> [Your task] State the number of lines in the records beneath that hold the word "soft", and add nothing.

> [Material for the task]
################
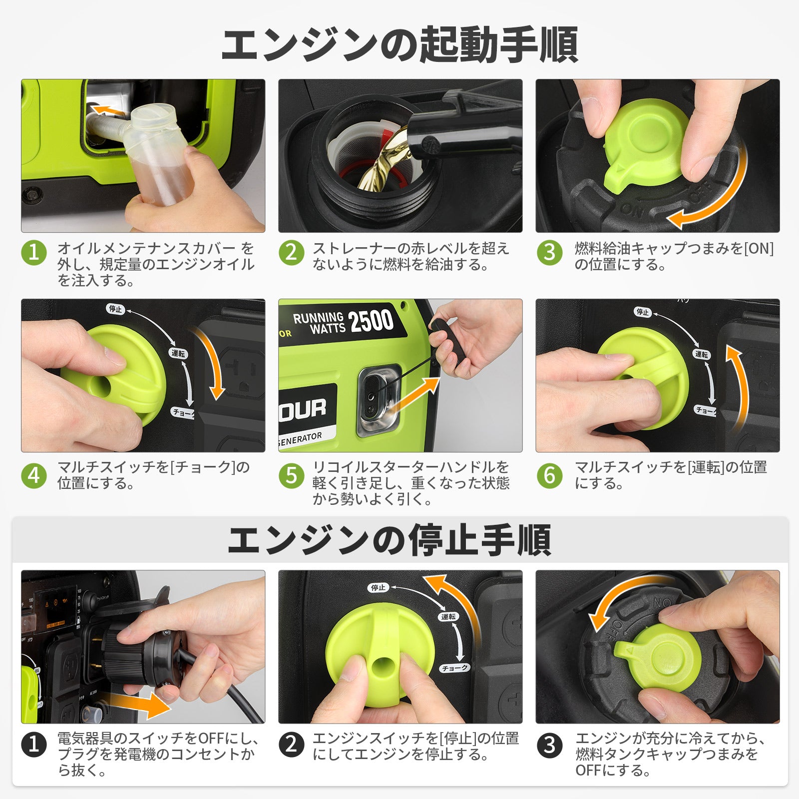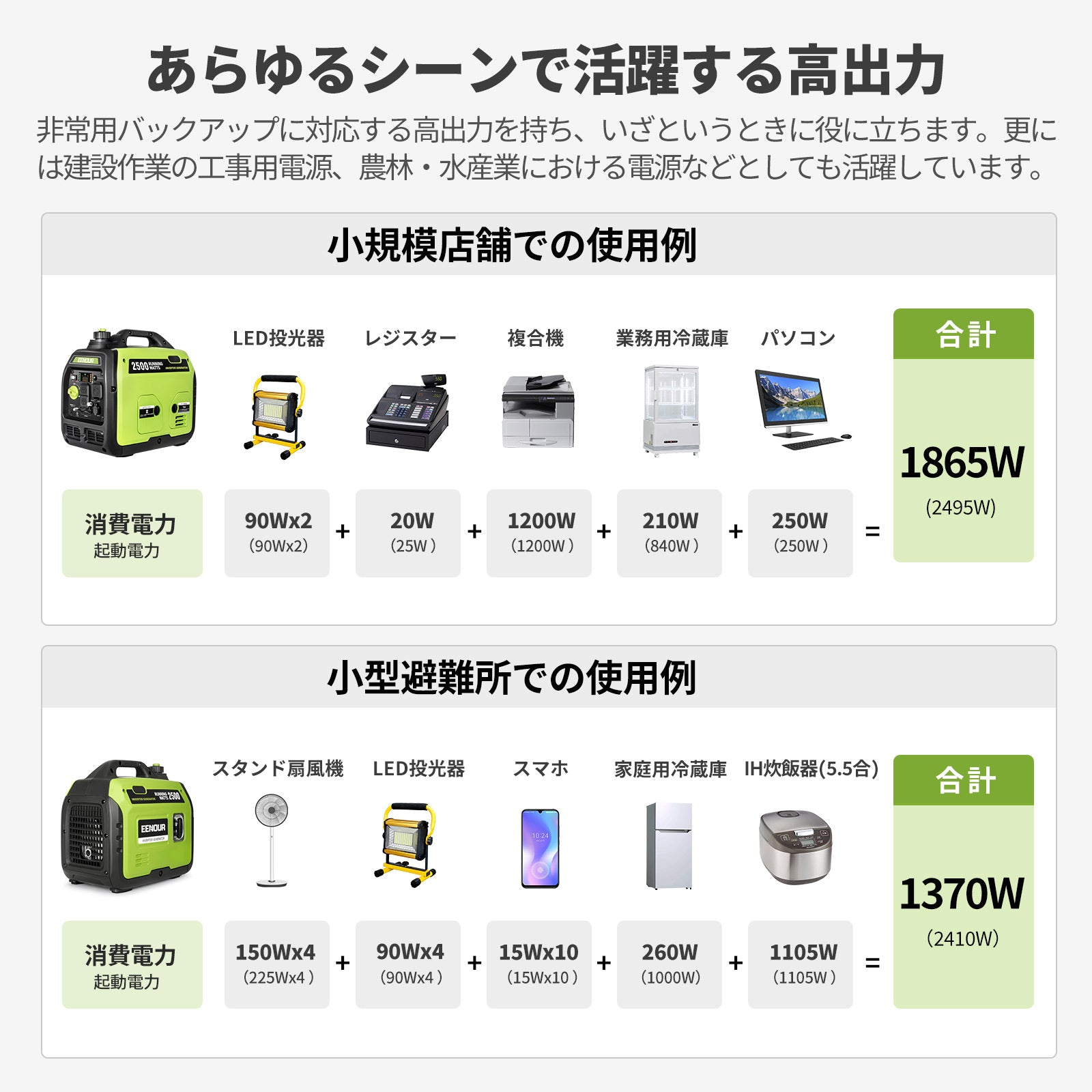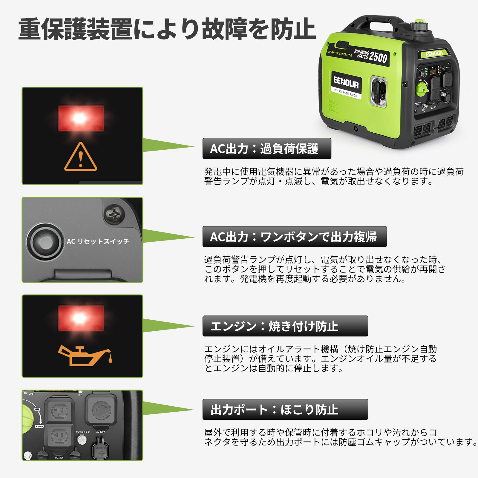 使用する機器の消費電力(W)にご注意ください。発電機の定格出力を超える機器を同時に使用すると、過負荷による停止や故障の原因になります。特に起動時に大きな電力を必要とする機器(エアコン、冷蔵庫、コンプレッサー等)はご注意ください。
################
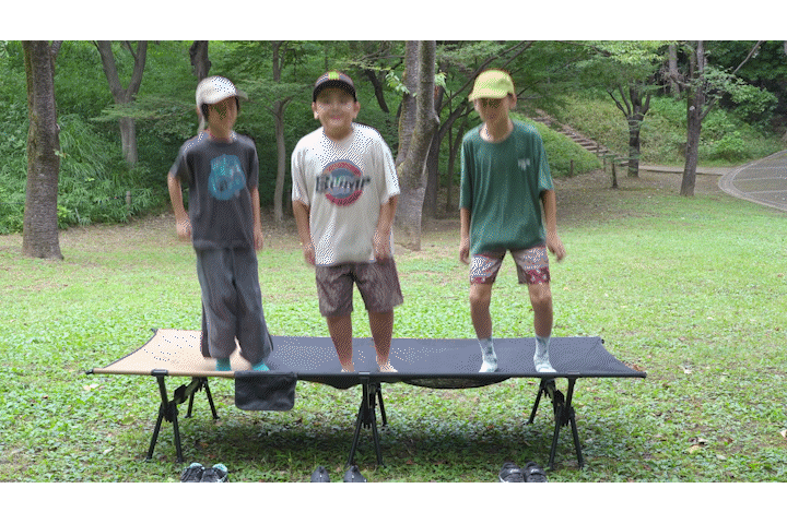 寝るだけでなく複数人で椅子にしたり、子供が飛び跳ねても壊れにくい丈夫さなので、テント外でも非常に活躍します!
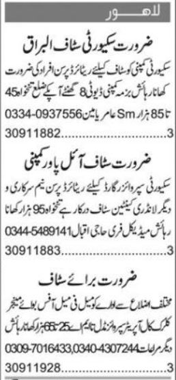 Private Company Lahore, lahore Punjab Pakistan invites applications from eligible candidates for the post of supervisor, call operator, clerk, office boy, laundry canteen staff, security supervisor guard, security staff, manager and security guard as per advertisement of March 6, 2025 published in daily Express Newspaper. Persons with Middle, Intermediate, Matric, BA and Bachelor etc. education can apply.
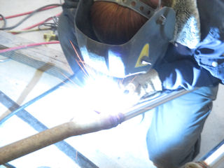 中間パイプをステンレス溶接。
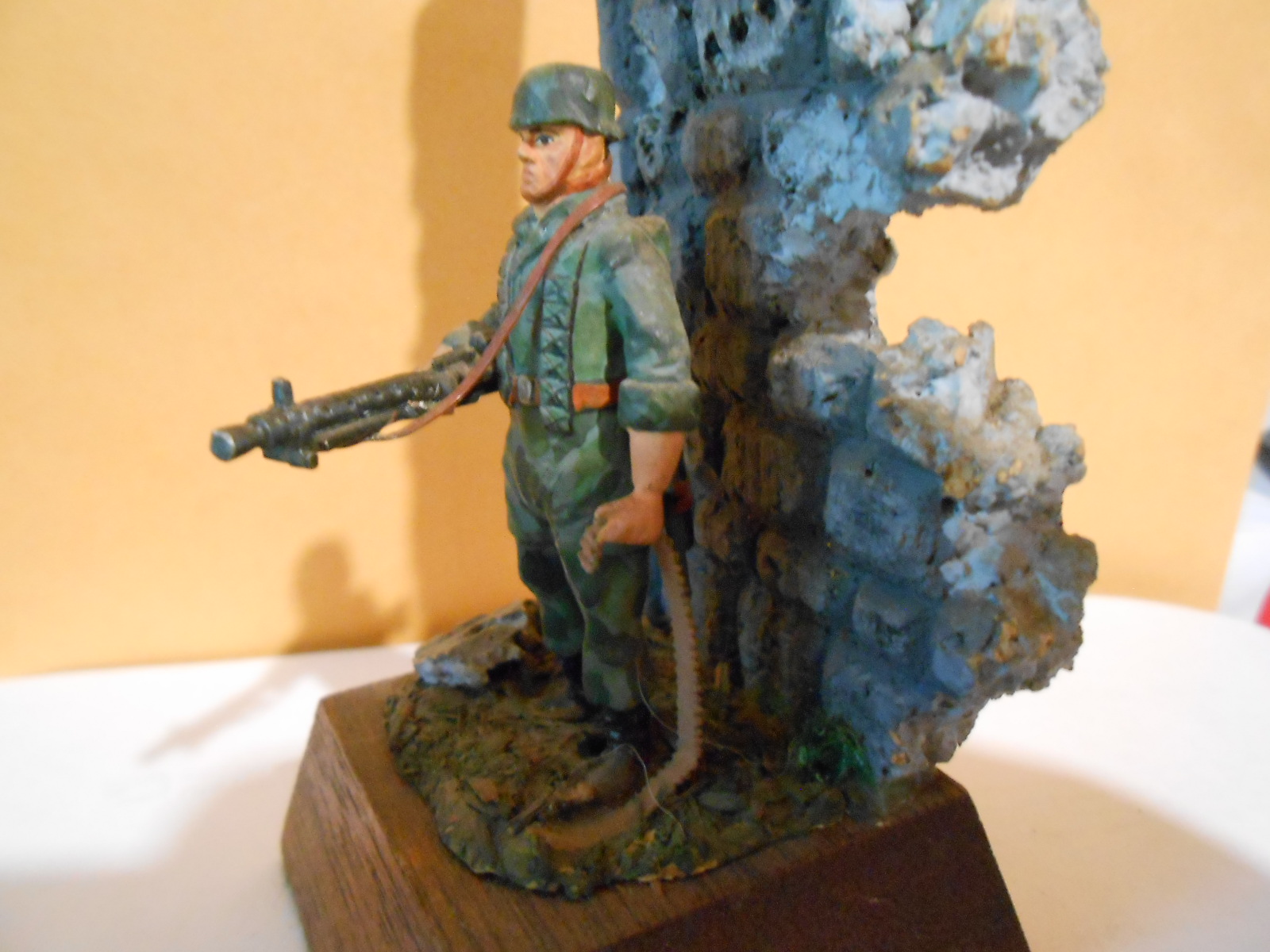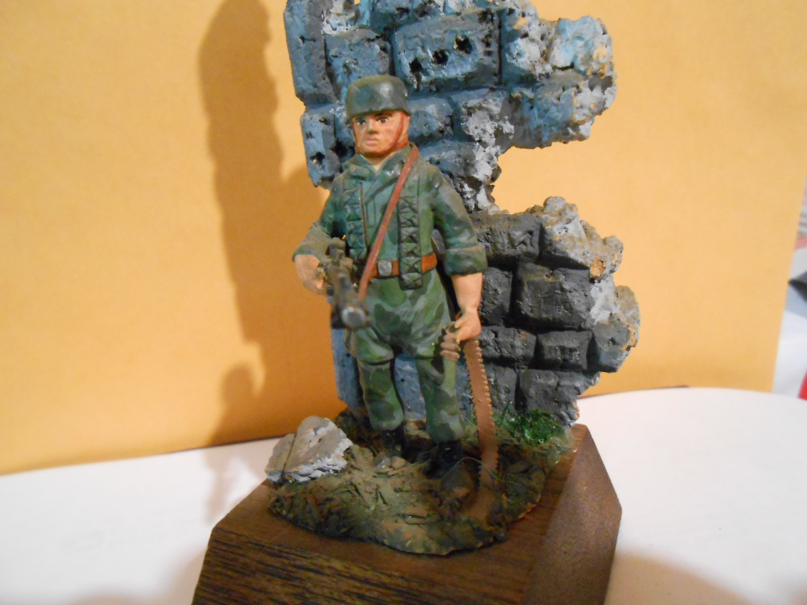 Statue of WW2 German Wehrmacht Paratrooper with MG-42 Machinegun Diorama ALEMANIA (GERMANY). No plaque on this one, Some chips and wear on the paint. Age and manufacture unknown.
################
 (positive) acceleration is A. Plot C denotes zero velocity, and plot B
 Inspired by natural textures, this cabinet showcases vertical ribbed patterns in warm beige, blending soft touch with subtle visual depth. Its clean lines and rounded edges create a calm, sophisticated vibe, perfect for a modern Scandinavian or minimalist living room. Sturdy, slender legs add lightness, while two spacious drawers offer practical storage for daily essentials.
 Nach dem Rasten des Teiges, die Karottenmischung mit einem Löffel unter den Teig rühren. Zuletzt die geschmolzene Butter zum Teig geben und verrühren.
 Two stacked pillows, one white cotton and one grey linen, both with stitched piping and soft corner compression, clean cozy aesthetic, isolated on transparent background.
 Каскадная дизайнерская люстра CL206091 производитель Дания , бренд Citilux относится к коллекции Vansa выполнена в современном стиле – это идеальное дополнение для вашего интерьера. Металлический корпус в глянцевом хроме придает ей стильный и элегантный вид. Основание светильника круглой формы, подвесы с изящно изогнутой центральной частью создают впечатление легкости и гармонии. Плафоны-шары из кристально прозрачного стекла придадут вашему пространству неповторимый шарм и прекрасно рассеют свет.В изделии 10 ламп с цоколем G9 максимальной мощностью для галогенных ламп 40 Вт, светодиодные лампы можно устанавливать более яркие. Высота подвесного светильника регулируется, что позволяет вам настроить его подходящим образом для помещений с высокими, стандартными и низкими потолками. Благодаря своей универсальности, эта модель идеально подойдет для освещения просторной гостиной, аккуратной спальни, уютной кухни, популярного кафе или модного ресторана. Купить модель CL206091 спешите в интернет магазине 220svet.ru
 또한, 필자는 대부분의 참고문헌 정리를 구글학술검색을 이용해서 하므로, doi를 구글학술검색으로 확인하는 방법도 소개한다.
################
> [Written answer] 2